- _DATASET EXCERPT_:

--------

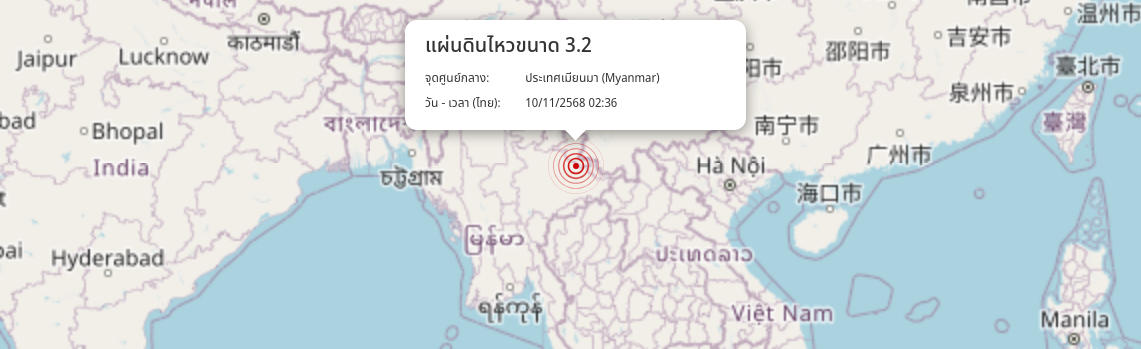 แผ่นดินไหว ประเทศเมียนมา (Myanmar) ขนาด 3.2
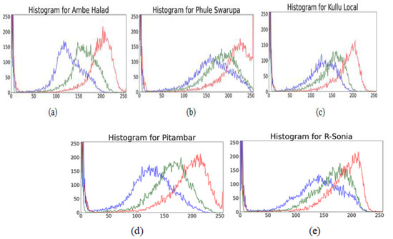 Color is the most important visual feature to identify the turmeric variety, as each of them has a slight difference in color [15]. RGB color histograms of each of the five varieties’ images are shown in Figure 4. The image color is represented using a different color model. RGB, LAB and HSI are frequently used models that provide unique images that correspond to each colorspace. Hence, 27 color features of the turmeric image area were extracted, like mean, range and variance, for the separate color channels of RGB, HSI and LAB images. The RGB color histograms of the five turmeric varieties are shown in Figure 4.
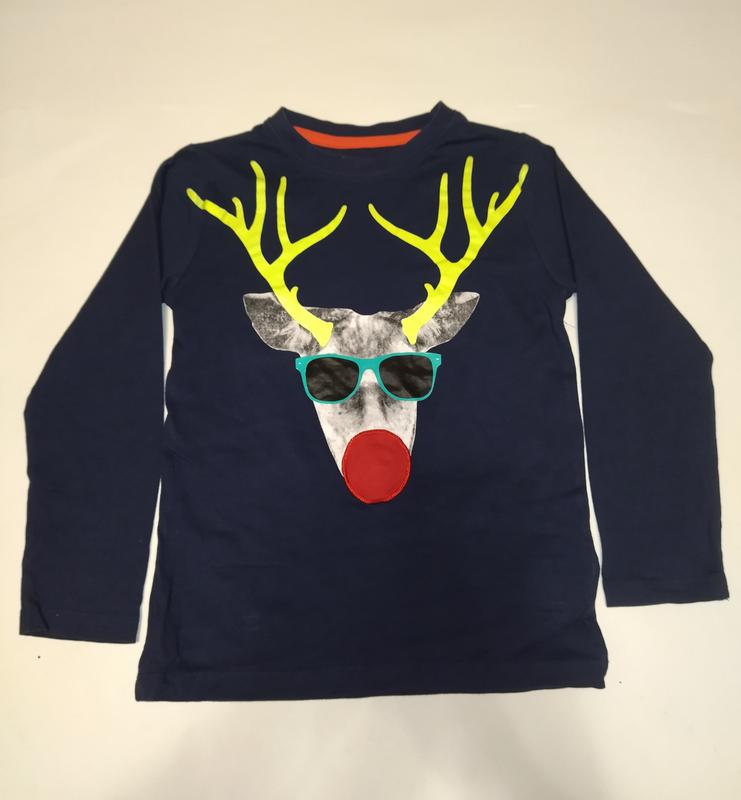 На 7-8 років (128 см). Фірма Bluezoo. У відмінному стані. При натисканні на червоний ніс він блимає. Ціна 70 грн. Довжина-50см, ширина по грудях -35см, довжина рукава-44см

--------

- _WHAT THIS TASK INVOLVES_: What is needed is an exact copy of all the data, with no images in it.

- _SOLUTION_:
 แผ่นดินไหว ประเทศเมียนมา (Myanmar) ขนาด 3.2
 Color is the most important visual feature to identify the turmeric variety, as each of them has a slight difference in color [15]. RGB color histograms of each of the five varieties’ images are shown in Figure 4. The image color is represented using a different color model. RGB, LAB and HSI are frequently used models that provide unique images that correspond to each colorspace. Hence, 27 color features of the turmeric image area were extracted, like mean, range and variance, for the separate color channels of RGB, HSI and LAB images. The RGB color histograms of the five turmeric varieties are shown in Figure 4.
 На 7-8 років (128 см). Фірма Bluezoo. У відмінному стані. При натисканні на червоний ніс він блимає. Ціна 70 грн. Довжина-50см, ширина по грудях -35см, довжина рукава-44см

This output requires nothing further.